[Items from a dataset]
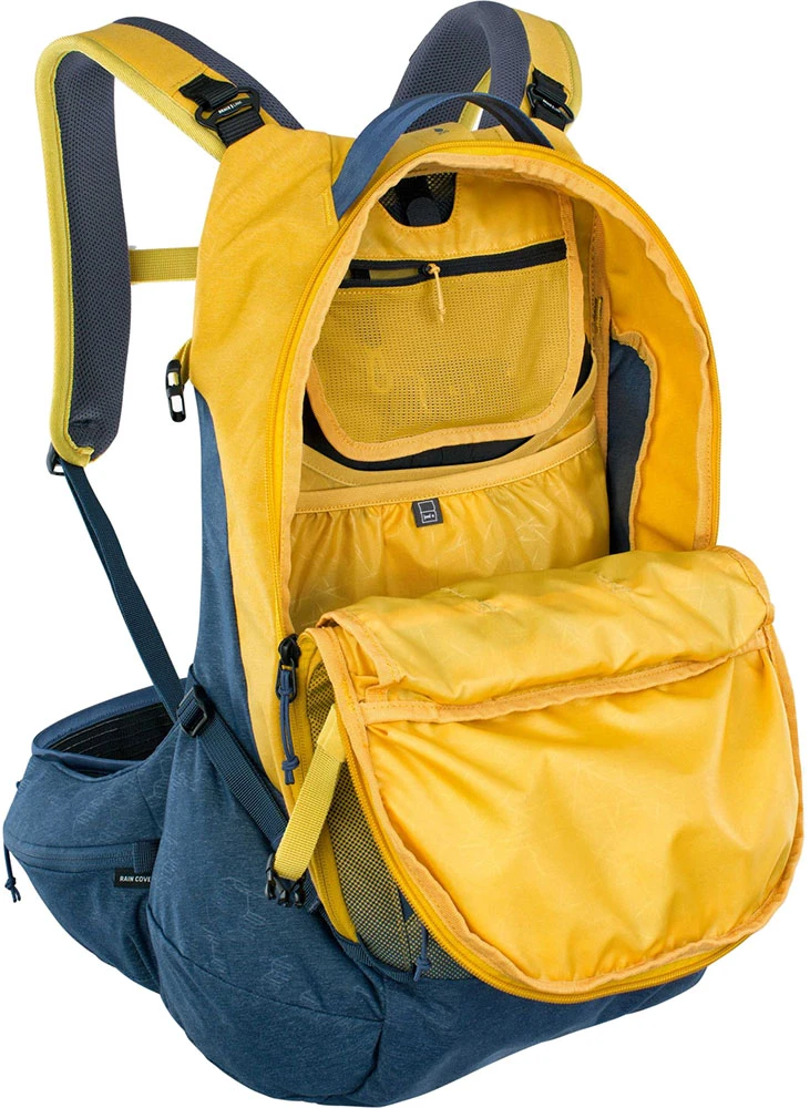 La caractéristique distinctive de la coupe « Body Hugging » d’EVOC est que le centre de gravité du sac à dos est positionné aussi près du corps que possible, et la charge est répartie sur une grande surface et transférée aux hanches. La liaison optimisée des bretelles et les larges ailes de hanches qui » sortent » de la partie dorsale garantissent que le sac à dos reste fermement en place pendant tout type d’activité – pour plus de confort et de contrôle.
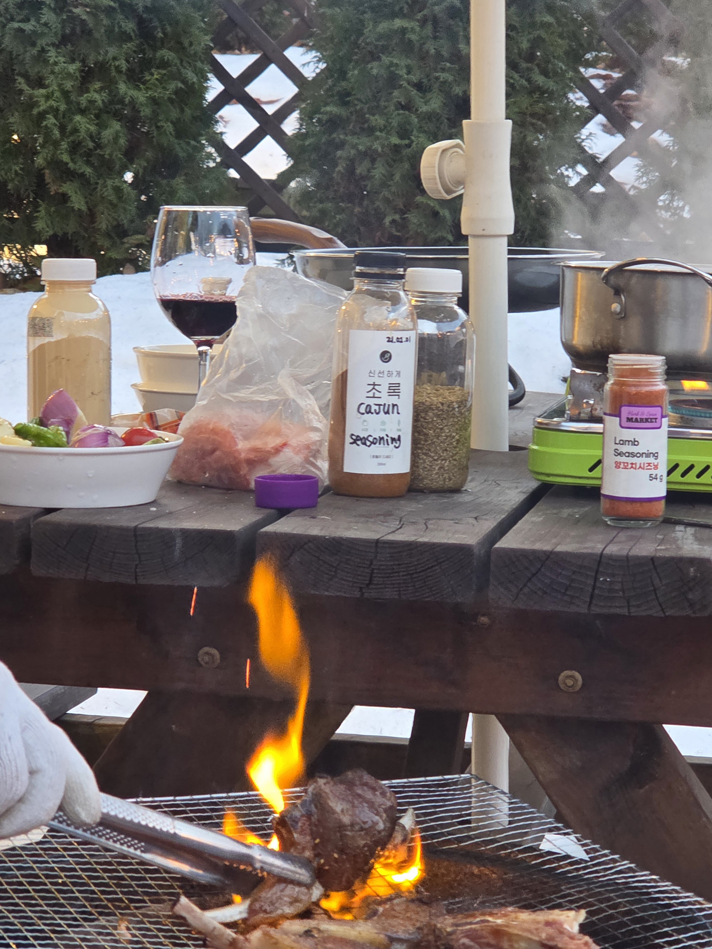 배가 고파서 체크인하면서 바비큐 숯불 바로 요청드림 (현장에서 현금 2만 원)
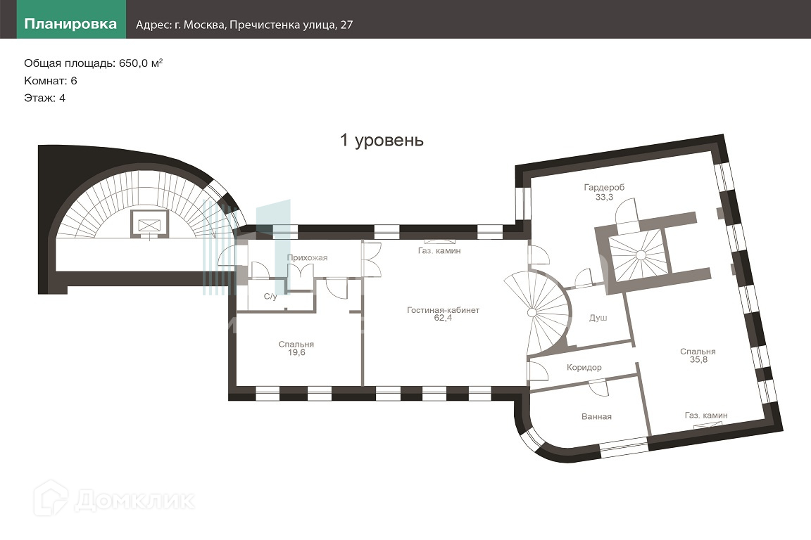 ID 21042 Предлагается шикарный пентхаус в клубном доме на 8 квартир, расположенный в историческом центре Москвы, на Пречистенке. Бывший доходный дом купца первой гильдии К.П. Половинкина построен по индивидуальному проекту. Внешний облик фасада формируют элегантные эркеры, решетки и другие декоративные элементы. В отделке входных групп использована лепнина и мрамор. Особняк с закрытой территорией, круглосуточная вооруженная охрана, наземный паркинг, детская площадка.
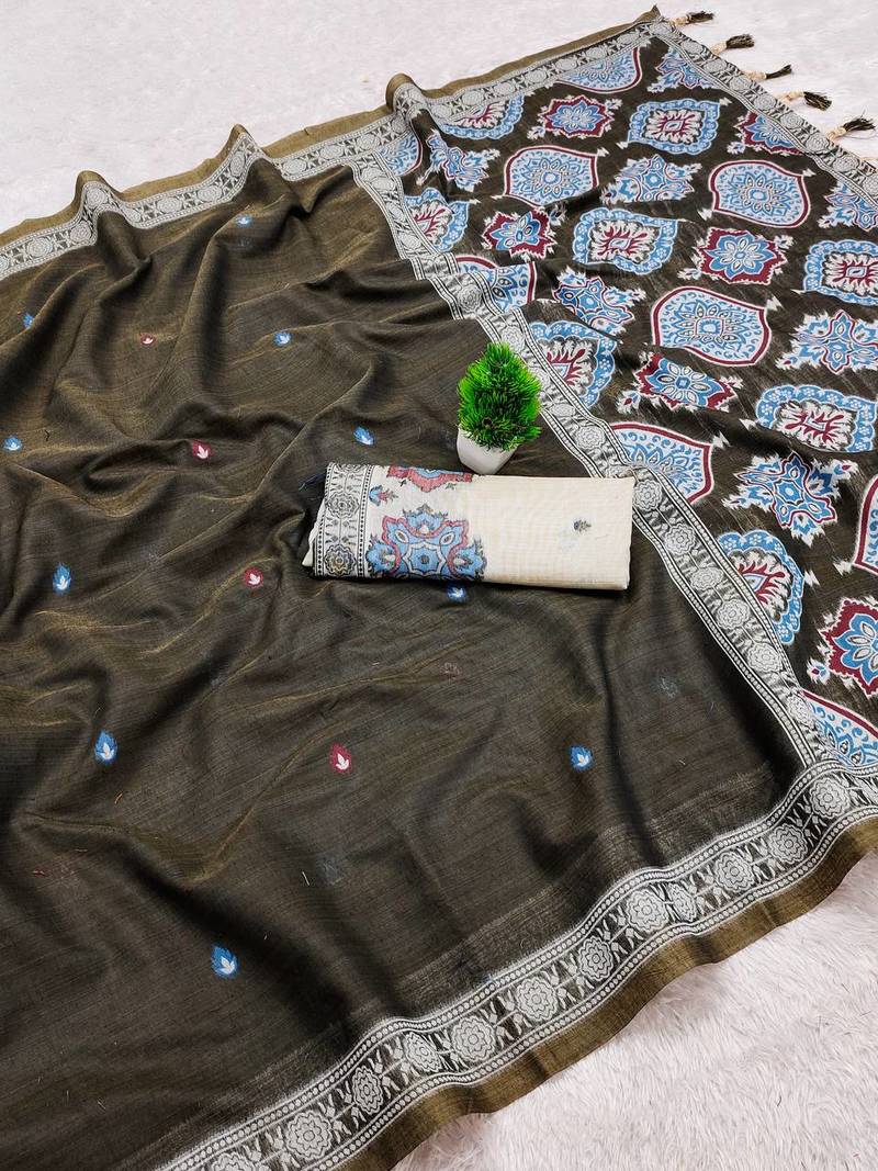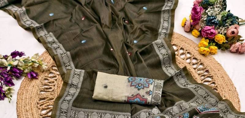 | • | Saree | : | Color- Mehendi / Fabric- Cotton |
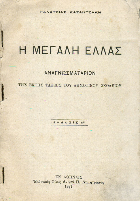 Γαλάτειας Καζαντζάκη, Η Μεγάλη Ελλάς. Εκδοτικός οίκος Δημητρίου και Πέτρου Δημητράκου, Αθήνα, 1927.
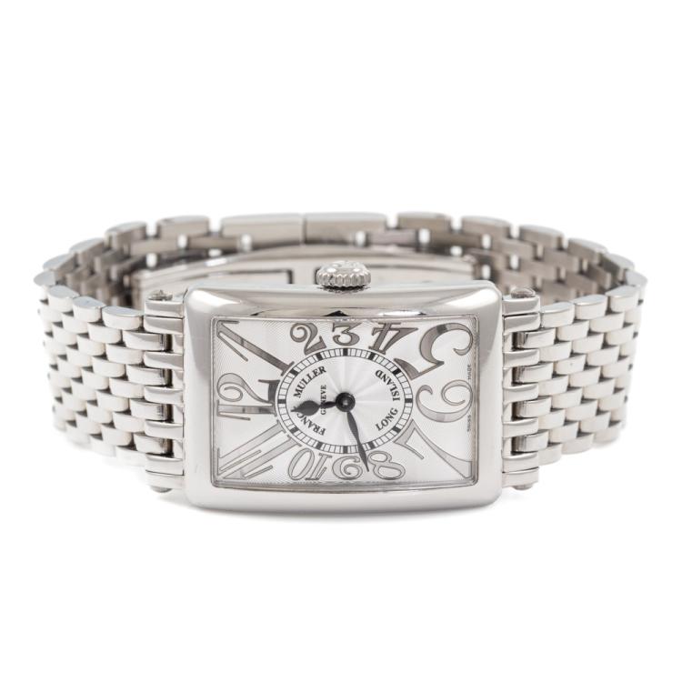 Franck Muller Long Island stainless steel quartz ladies watch. Silver dial, approximate case diameter: 33mm x 23mm, wrist size: 17cm, Swiss made. Ref# 902QZREL. With Franck Muller stainless steel bracelet and clasp. With Certificate of Authenticity, Undated Franck Muller Certificate of Origin & Warranty and Franck Muller box. 3 month FSA warranty. (Pre-owned)

### Required work
Restate word for word the lines from the one holding "Γαλάτειας Καζαντζάκη, Η" down through the last line of the records above, and do not include the pictures.

### Task response
 Γαλάτειας Καζαντζάκη, Η Μεγάλη Ελλάς. Εκδοτικός οίκος Δημητρίου και Πέτρου Δημητράκου, Αθήνα, 1927.
 Franck Muller Long Island stainless steel quartz ladies watch. Silver dial, approximate case diameter: 33mm x 23mm, wrist size: 17cm, Swiss made. Ref# 902QZREL. With Franck Muller stainless steel bracelet and clasp. With Certificate of Authenticity, Undated Franck Muller Certificate of Origin & Warranty and Franck Muller box. 3 month FSA warranty. (Pre-owned)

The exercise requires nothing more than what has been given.